Typescript is (a superset of) javascript, so you just use JSON.parseas you would in javascript:

Typescript 是 javascript（的超集），因此您只需JSON.parse像在 javascript 中一样使用：

let obj = JSON.parse(jsonString);

Only that in typescript you can have a type to the resulting object:

只有在打字稿中，您才能拥有结果对象的类型：

interface MyObj {
    myString: string;
    myNumber: number;
}

let obj: MyObj = JSON.parse('{ "myString": "string", "myNumber": 4 }');
console.log(obj.myString);
console.log(obj.myNumber);

(code in playground)

（操场上的代码）

If you want your JSON to have a validated Typescript type, you will need to do that validation work yourself. This is nothing new. In plain Javascript, you would need to do the same.

如果您希望 JSON 具有经过验证的 Typescript 类型，则需要自己进行验证工作。这不是什么新鲜事。在普通的 Javascript 中，你需要做同样的事情。

Validation

验证

I like to express my validation logic as a set of "transforms". I define a Descriptoras a map of transforms:

我喜欢将我的验证逻辑表示为一组“转换”。
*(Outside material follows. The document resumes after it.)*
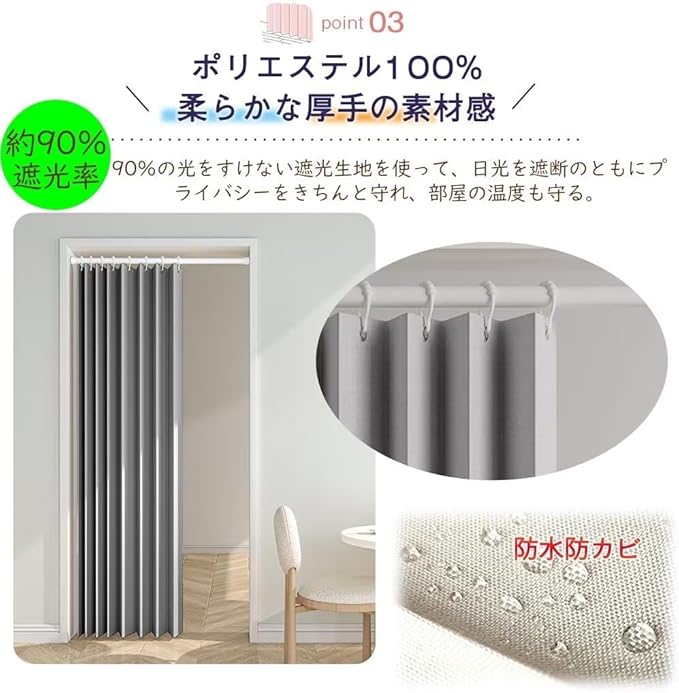 【専用リング付き・取り付け簡単!】:フックなどは不要です。一般的な突っ張り棒を通すだけで簡単に設置できるアコーディオンカーテン。 ◆リング直径:(約)4cm ◆上部リング部分がナノミュートリングでカラカラ音がせず、開け閉めの横滑りがスムーズに動かせます。不要な時は畳んでおけば、場所をとりません。

我将 a 定义Descriptor为转换映射：

type Descriptor<T extends Transformed> = {
  [P in keyof T]: (v: any) => T[P];
};

type Transformed = { [key: string]: any };

Then I can make a function that will apply these transforms to arbitrary input:

然后我可以创建一个函数，将这些转换应用于任意输入：

function pick<T extends Transformed>(v: any, d: Descriptor<T>): T {
  const ret: any = {};
  for (let key in d) {
    try {
      const val = d[key](v[key]);
      if (typeof val !== "undefined") {
        ret[key] = val;
      }
    } catch (err) {
      const msg = err instanceof Error ? err.message : String(err);
      throw new Error(`could not pick ${key}: ${msg}`);
    }
  }
  return ret;
}

Now, not only am I validating my JSON input, but I am building up a Typescript type as I go. The above generic types ensure that the result infers the types from your "transforms".

现在，我不仅在验证我的 JSON 输入，而且我正在构建一个 Typescript 类型。上述泛型类型确保结果从您的“转换”中推断出类型。

In case the transform throws an error (which is how you would implement validation), I like to wrap it with another error showing which key caused the error.

如果转换抛出错误（这就是您实现验证的方式），我喜欢用另一个错误包装它，显示哪个键导致了错误。

Usage

用法

In your example, I would use this as follows:

在您的示例中，我将按如下方式使用它：

const value = pick(JSON.parse('{"name": "Bob", "error": false}'), {
  name: String,
  error: Boolean,
});

Now valuewill be typed, since Stringand Booleanare both "transformers" in the sense they take input and return a typed output.

现在value将被输入，因为String和Boolean都是“转换器”，因为它们接受输入并返回输入输出。

Furthermore, the valuewill actually bethat type. In other words, if namewere actually 123, it will be transformed to "123"so that you have a valid string. This is because we used Stringat runtime, a built-in function that accepts arbitrary input and returns a string.

此外，value意志实际上是这种类型。换句话说，如果name实际上是123，它将被转换为，"123"以便您拥有有效的字符串。这是因为我们String在运行时使用了一个内置函数，它接受任意输入并返回一个string.

There is a great library for it ts-json-object

有一个很棒的库ts-json-object

In your case you would need to run the following code:

在您的情况下，您需要运行以下代码：

import {JSONObject, required} from 'ts-json-object'

class Response extends JSONObject {
    @required
    name: string;

    @required
    error: boolean;
}

let resp = new Response({"name": "Bob", "error": false});

This library will validate the json before parsing

该库将在解析之前验证 json

You can additionally use libraries that perform type validation of your json, such as Sparkson. They allow you to define a TypeScript class, to which you'd like to parse your response, in your case it could be:

您还可以使用执行 json 类型验证的库，例如Sparkson。它们允许你定义一个 TypeScript 类，你想解析你的响应，在你的情况下它可能是：

import { Field } from "sparkson";
class Response {
   constructor(
      @Field("name") public name: string,
      @Field("error") public error: boolean
   ) {}
}

The library will validate if the required fields are present in the JSON payload and if their types are correct. It can also do a bunch of validations and conversions.

该库将验证 JSON 负载中是否存在必需字段以及它们的类型是否正确。它还可以进行一堆验证和转换。